TASK INSTRUCTIONS:
Please give back, exactly as written, the lines from the line with "1920 wydanie Polskiej" to the line with "在寒假这个充满温情与团聚的季" in the listing below, leaving out all pictures.
DATA TO PROCESS START
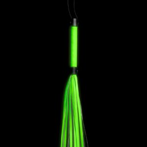Doté d’une poignée et de lanières couleur vert fluo, le martinet est fabriqué en cuir synthétique.
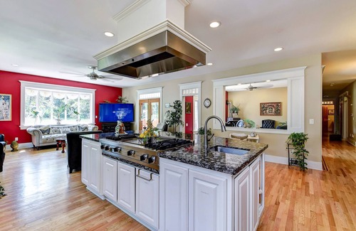 You will be able to see what I mean when you use this space, Chef's dream kitchen is open light bright- with lots of built-in features and wide open space for visiting, the kitchen is the heart of entertainment so we built ours with plenty of space together.
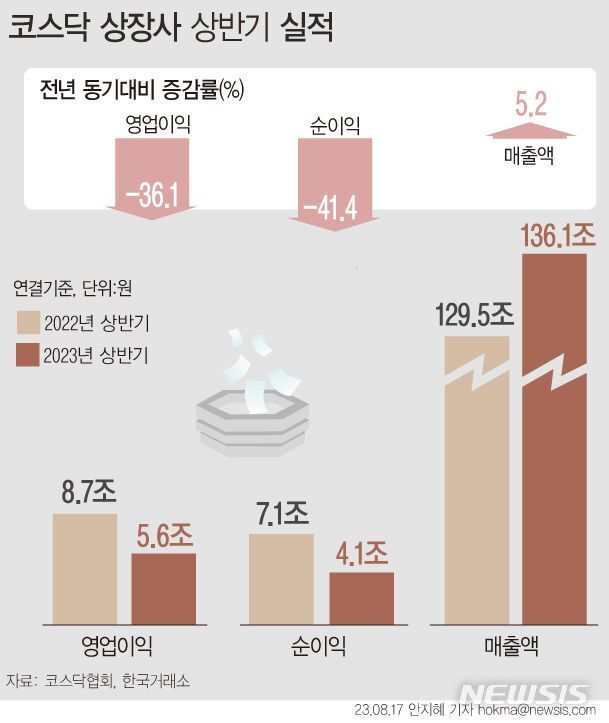 □ 코스닥 상반기 영업익 5.6조 ...전년比 36.1% ↓
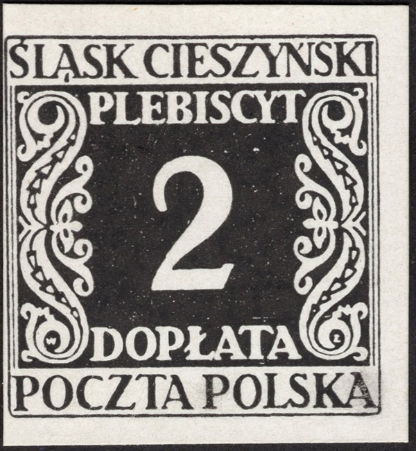 1920 wydanie Polskiej Rady Narodowej dla Księstwa Cieszyńskiego, nie wprowadzony do obiegu znaczek dopłaty za 2 hal. w barwie czarnej na papierze białym kredowanym grubym, wzór "cyfry" projektu prof. W. Zarzyckiego, podlepka, gwarancja i oznaczenie Walocha. | Fi.Dx2 |
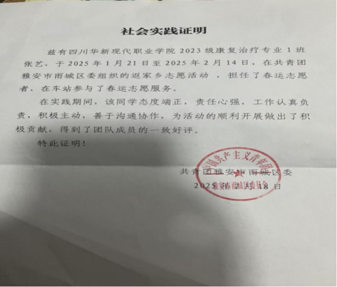 在寒假这个充满温情与团聚的季节里,四川华新现代职业学院医护康养学院的学子们没有选择安逸,而是积极响应国家号召,投身于大学生寒假“返家乡”社会实践活动中。他们以实际行动展现新时代青年的责任与担当,其中,2023级康复治疗技术一班的张艺同学,在雅安市雨城区西门汽车站开展的春运志愿者活动中,用她的热情与专业,为归乡的旅客送去了温暖与便利,成为了此次活动的亮丽风景线。
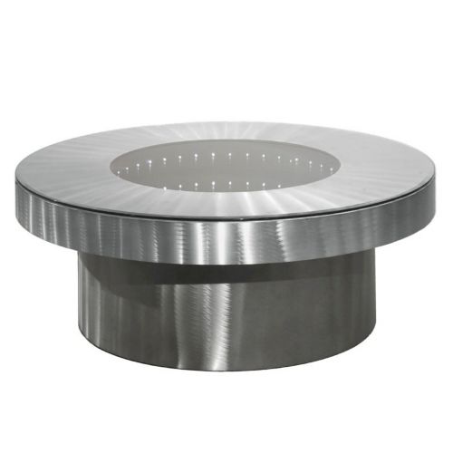 Infinity tunnel cocktail table battery operated. It is a modern style accent furniture by Nova Lighting. It is made of wood, metal and glass. It has a brushed aluminum finish. It operates with LED type bulbs of 3 watts that are not included. It comes with an on/off type of switch that is located on the body. This table is illuminated and it operates on batteries.
DATA TO PROCESS END
WRITTEN RESPONSE:
 1920 wydanie Polskiej Rady Narodowej dla Księstwa Cieszyńskiego, nie wprowadzony do obiegu znaczek dopłaty za 2 hal. w barwie czarnej na papierze białym kredowanym grubym, wzór "cyfry" projektu prof. W. Zarzyckiego, podlepka, gwarancja i oznaczenie Walocha. | Fi.Dx2 |
 在寒假这个充满温情与团聚的季节里,四川华新现代职业学院医护康养学院的学子们没有选择安逸,而是积极响应国家号召,投身于大学生寒假“返家乡”社会实践活动中。他们以实际行动展现新时代青年的责任与担当,其中,2023级康复治疗技术一班的张艺同学,在雅安市雨城区西门汽车站开展的春运志愿者活动中,用她的热情与专业,为归乡的旅客送去了温暖与便利,成为了此次活动的亮丽风景线。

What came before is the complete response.